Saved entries
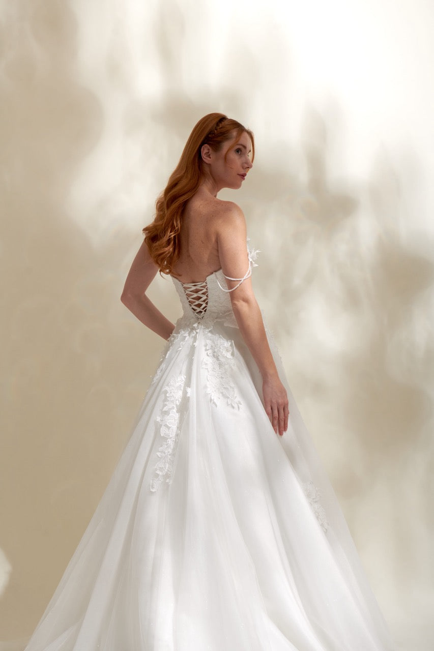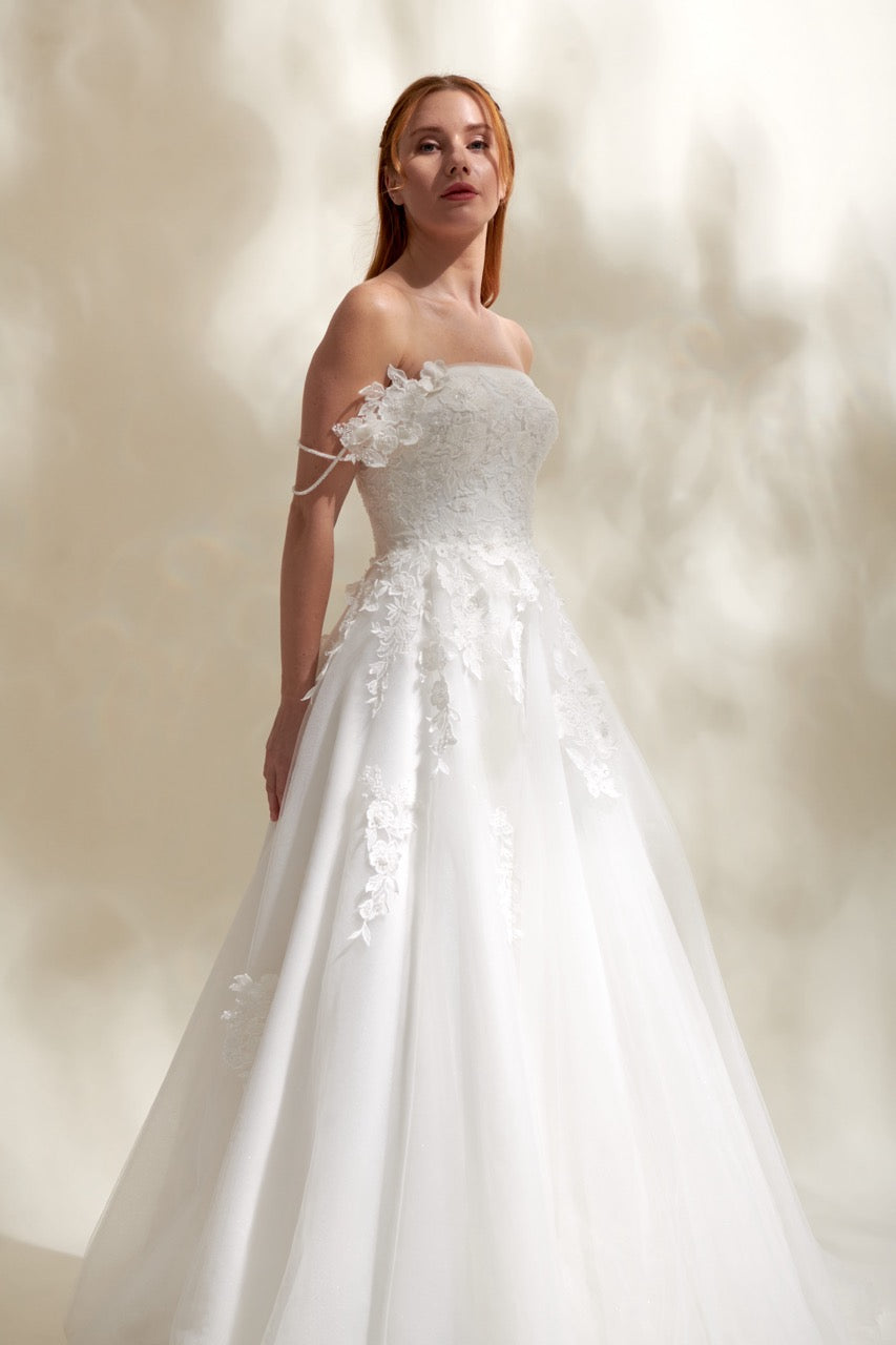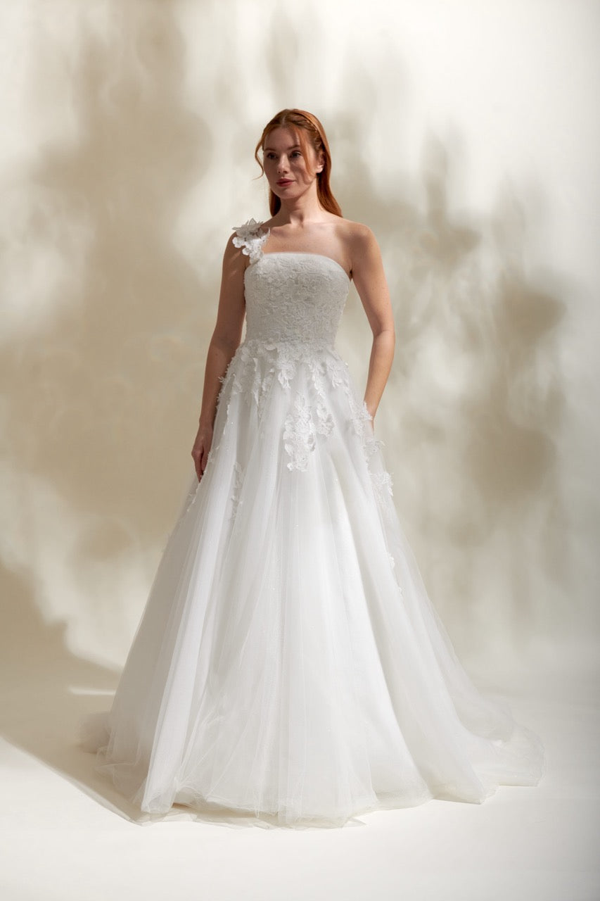 Çiçek danteliyle zarafeti vurgulayan bu tek omuzlu gelinlik, modern çizgilerle birleşen asil bir stil sunar. Omuz detayının yarattığı özgün silüet sayesinde dikkat çeken bu gelinlik modeli, zarif dantel işlemeleriyle romantik bir görünüm kazandırır. Tek omuzlu gelinlik tasarımları arasında öne çıkan bu model, şık ve modern bir gelinlik arayan gelin adayları için ideal bir tercihtir.
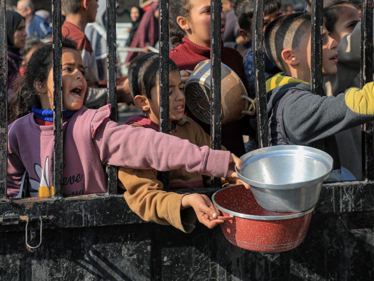 Starving Palestinian children scrambling to get some soup
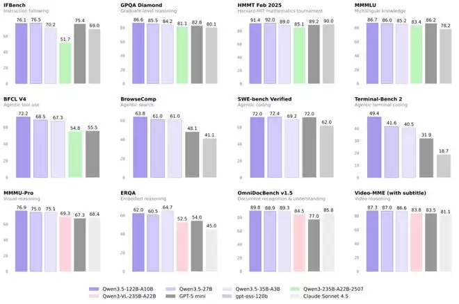 Qwen3.5-122B-A10B 与 Qwen3.5-35B-A3B,就是这一新范式在中等规模下的最新模型成果,在指令遵循(IFBench)、博士级别推理(GPQA)、数学推理(HMMT 25)、多语言知识(MMMLU)、Agent 工具调用(BFCL v4)、Agentic Coding(SWE-bench Verified)等多个权威榜单上,新模型均超越了远大于其规模的 Qwen3-235B-A22B 模型及 Qwen3-VL,以及 GPT-5 mini、gpt-oss-120b 等模型。
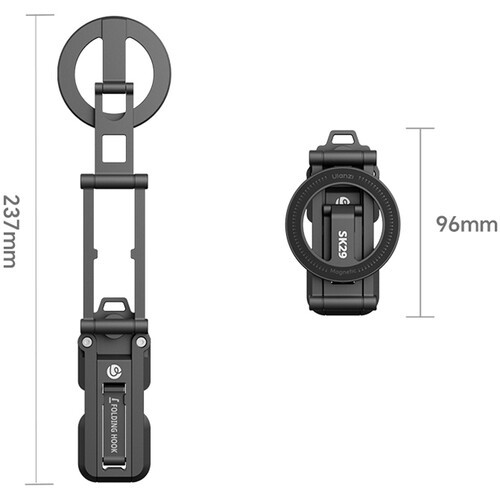 Zložljivi stojalo za telefon Ulanzi SK29 (magnetno) je kompakten, vsestranski nosilec za pametne telefone z magnetno sponko MagSafe. Zložljiv, prenosljiv in opremljen z 1/4"-20 navojno podlago, je idealen za vloganje, pretakanje ali gledanje brez uporabe rok kjerkoli.
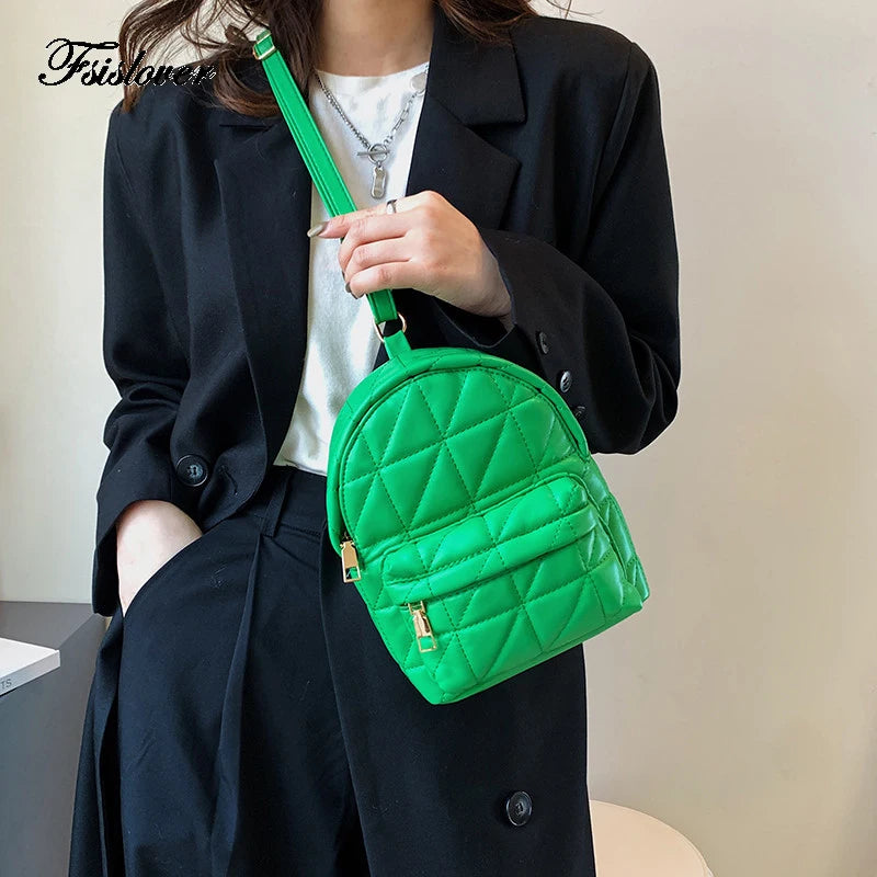 This women's waist bag is made of high-quality PU leather, perfect for casual outings. The small Lingge design adds a fashionable touch to your look.
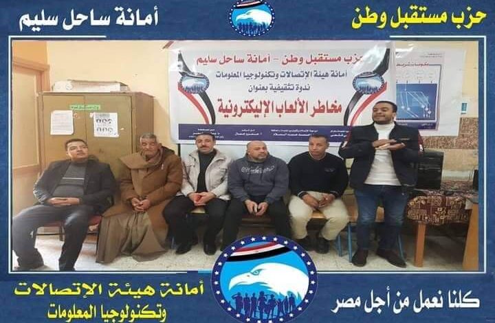 عقدت أمانة الإتصالات وتكنولوجيا المعلومات بحزب مستقبل وطن بمركز ساحل سليم ندوة تثقيفية بعنوان الإنتماء الوطنى والتصدى لحروب الجيل الخامس ومخاطر الألعاب الإلكترونية بمدرسة الإمام على بن أبى طالب بساحل سليم ،
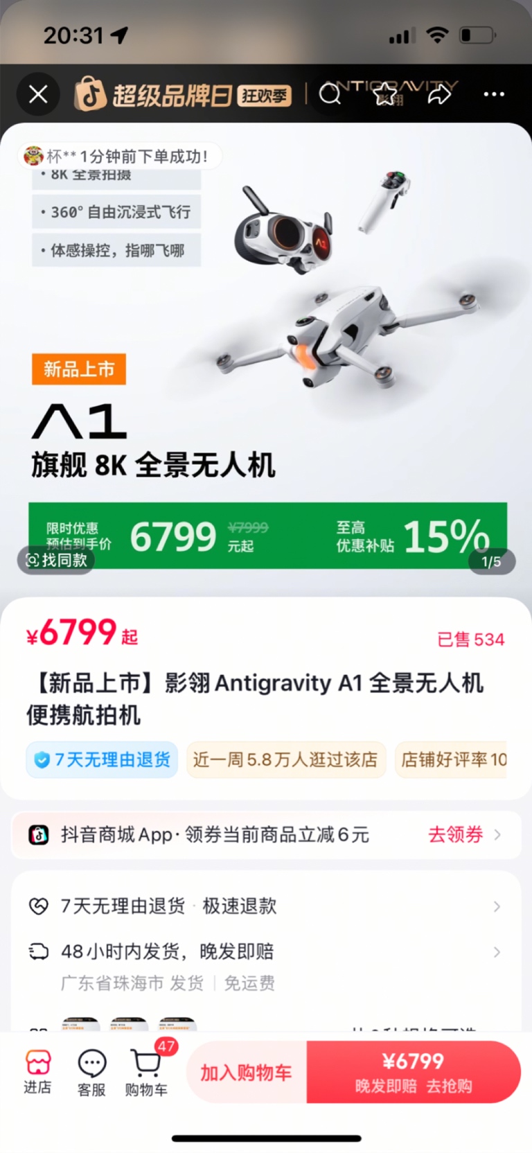 $影石创新(SH688775)$  明天不涨就退货。
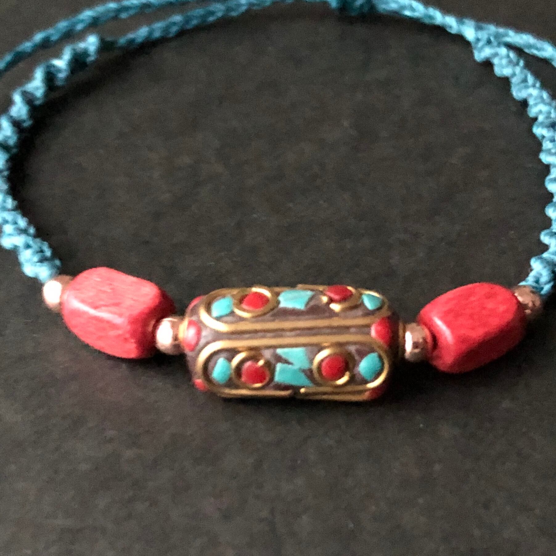 ネパールビーズ:真鍮、ターコイズ、珊瑚
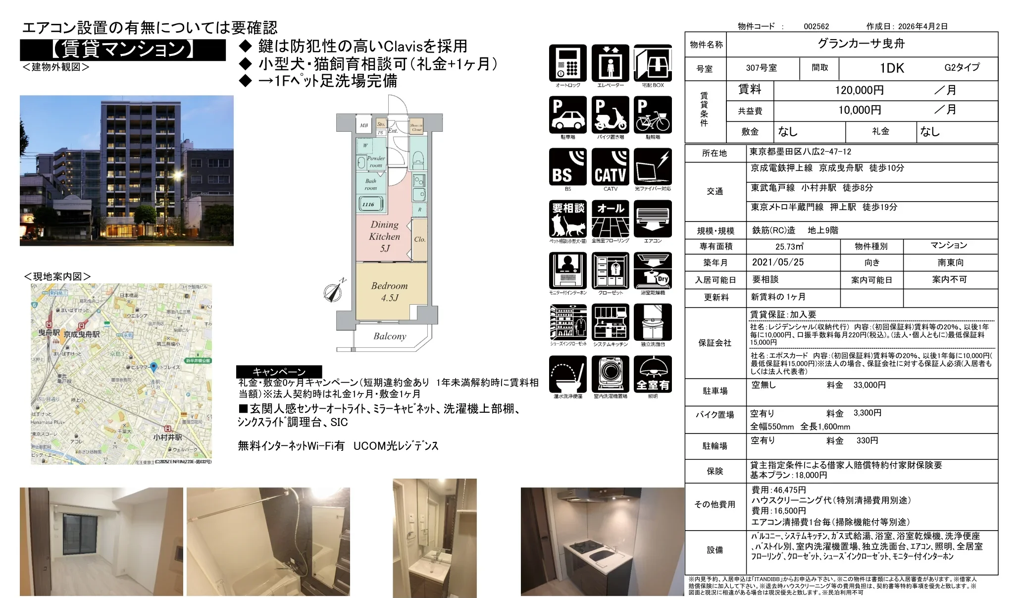 | アクセス | 京成曳舟駅 (徒歩10分) 小村井駅 (徒歩8分) 押上駅 (徒歩19分) |
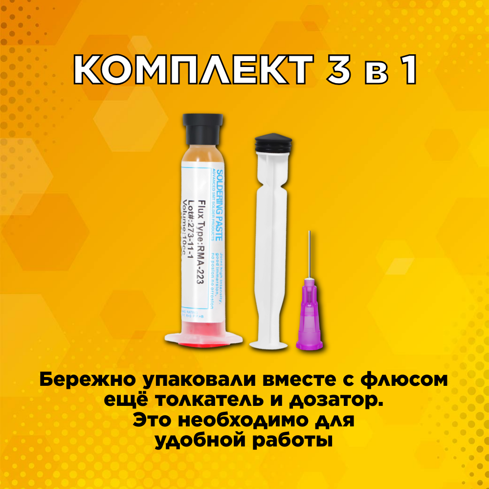 | Комплектация | 2 тюбика с флюсом, шприц-толкатель, дозатор |
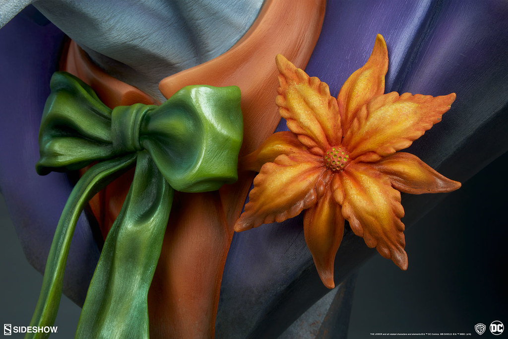 服裝部分是以橘色襯衫搭配紫色套裝,並以綠色領蝴蝶結作點綴,藉著精彩的造型與上色,讓領結有著逼真的皺褶與飄逸感,胸像整體的各處細節都十分精彩,家裡還有空間的玩具人不仿帶一尊回家擺!超帥啊~!
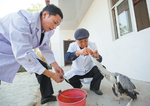 Though he was only a farmer at the time, he was able to learn a bit from a local medical school in Jiujiang, a city that administrates the village of Dongzili. With that knowledge, he was able to treat and release about 300 of the chicks.
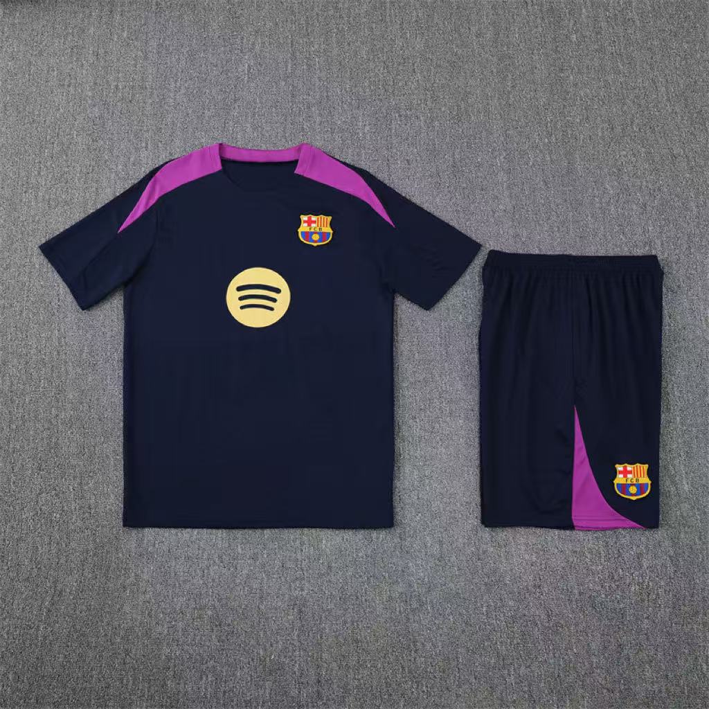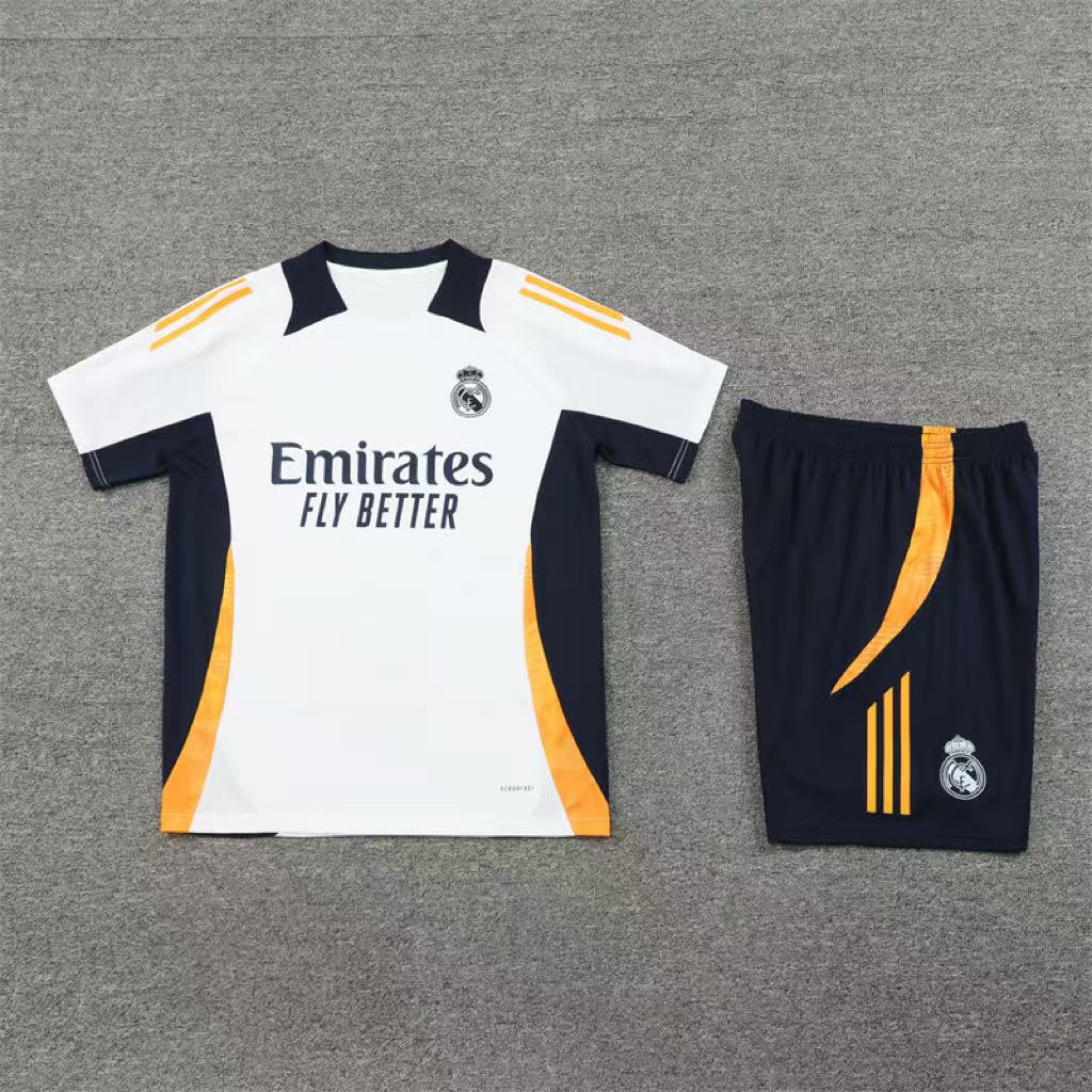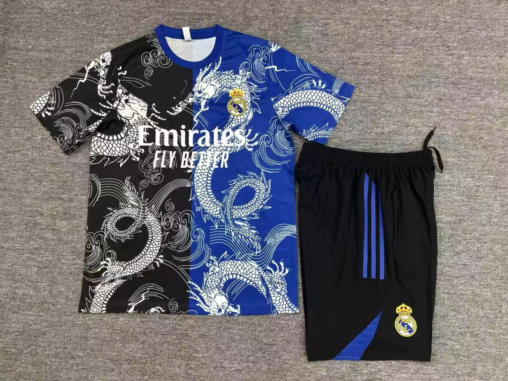 New Real Madrid Barcelona Club Children's Training Clothes Sports suit Casual Short-sleeved Double Zipper Pocket Embroidery
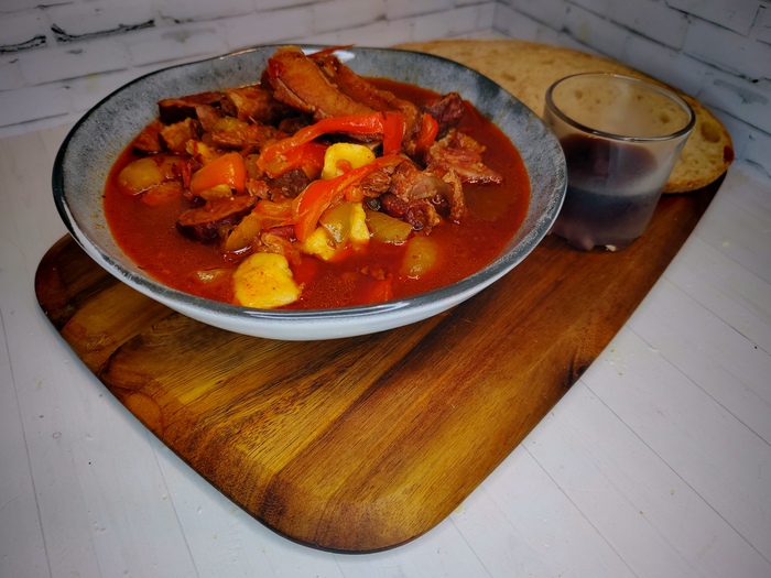 На самом деле, эта вот хряпа, которая у меня получилась может называться и бограчем, и гуляшом, и просто хрючевом, и так далее. Это просто ультрамощный такой завтракообедоужин, одной порции которого может хватить на весь день.

[AIM OF THE TASK]
Go through the entries above and output them exactly, without pictures.

[RESPONSE TO THIS TASK]
 Çiçek danteliyle zarafeti vurgulayan bu tek omuzlu gelinlik, modern çizgilerle birleşen asil bir stil sunar. Omuz detayının yarattığı özgün silüet sayesinde dikkat çeken bu gelinlik modeli, zarif dantel işlemeleriyle romantik bir görünüm kazandırır. Tek omuzlu gelinlik tasarımları arasında öne çıkan bu model, şık ve modern bir gelinlik arayan gelin adayları için ideal bir tercihtir.
 Starving Palestinian children scrambling to get some soup
 Qwen3.5-122B-A10B 与 Qwen3.5-35B-A3B,就是这一新范式在中等规模下的最新模型成果,在指令遵循(IFBench)、博士级别推理(GPQA)、数学推理(HMMT 25)、多语言知识(MMMLU)、Agent 工具调用(BFCL v4)、Agentic Coding(SWE-bench Verified)等多个权威榜单上,新模型均超越了远大于其规模的 Qwen3-235B-A22B 模型及 Qwen3-VL,以及 GPT-5 mini、gpt-oss-120b 等模型。
 Zložljivi stojalo za telefon Ulanzi SK29 (magnetno) je kompakten, vsestranski nosilec za pametne telefone z magnetno sponko MagSafe. Zložljiv, prenosljiv in opremljen z 1/4"-20 navojno podlago, je idealen za vloganje, pretakanje ali gledanje brez uporabe rok kjerkoli.
 This women's waist bag is made of high-quality PU leather, perfect for casual outings. The small Lingge design adds a fashionable touch to your look.
 عقدت أمانة الإتصالات وتكنولوجيا المعلومات بحزب مستقبل وطن بمركز ساحل سليم ندوة تثقيفية بعنوان الإنتماء الوطنى والتصدى لحروب الجيل الخامس ومخاطر الألعاب الإلكترونية بمدرسة الإمام على بن أبى طالب بساحل سليم ،
 $影石创新(SH688775)$  明天不涨就退货。
 ネパールビーズ:真鍮、ターコイズ、珊瑚
 | アクセス | 京成曳舟駅 (徒歩10分) 小村井駅 (徒歩8分) 押上駅 (徒歩19分) |
 | Комплектация | 2 тюбика с флюсом, шприц-толкатель, дозатор |
 服裝部分是以橘色襯衫搭配紫色套裝,並以綠色領蝴蝶結作點綴,藉著精彩的造型與上色,讓領結有著逼真的皺褶與飄逸感,胸像整體的各處細節都十分精彩,家裡還有空間的玩具人不仿帶一尊回家擺!超帥啊~!
 Though he was only a farmer at the time, he was able to learn a bit from a local medical school in Jiujiang, a city that administrates the village of Dongzili. With that knowledge, he was able to treat and release about 300 of the chicks.
 New Real Madrid Barcelona Club Children's Training Clothes Sports suit Casual Short-sleeved Double Zipper Pocket Embroidery
 На самом деле, эта вот хряпа, которая у меня получилась может называться и бограчем, и гуляшом, и просто хрючевом, и так далее. Это просто ультрамощный такой завтракообедоужин, одной порции которого может хватить на весь день.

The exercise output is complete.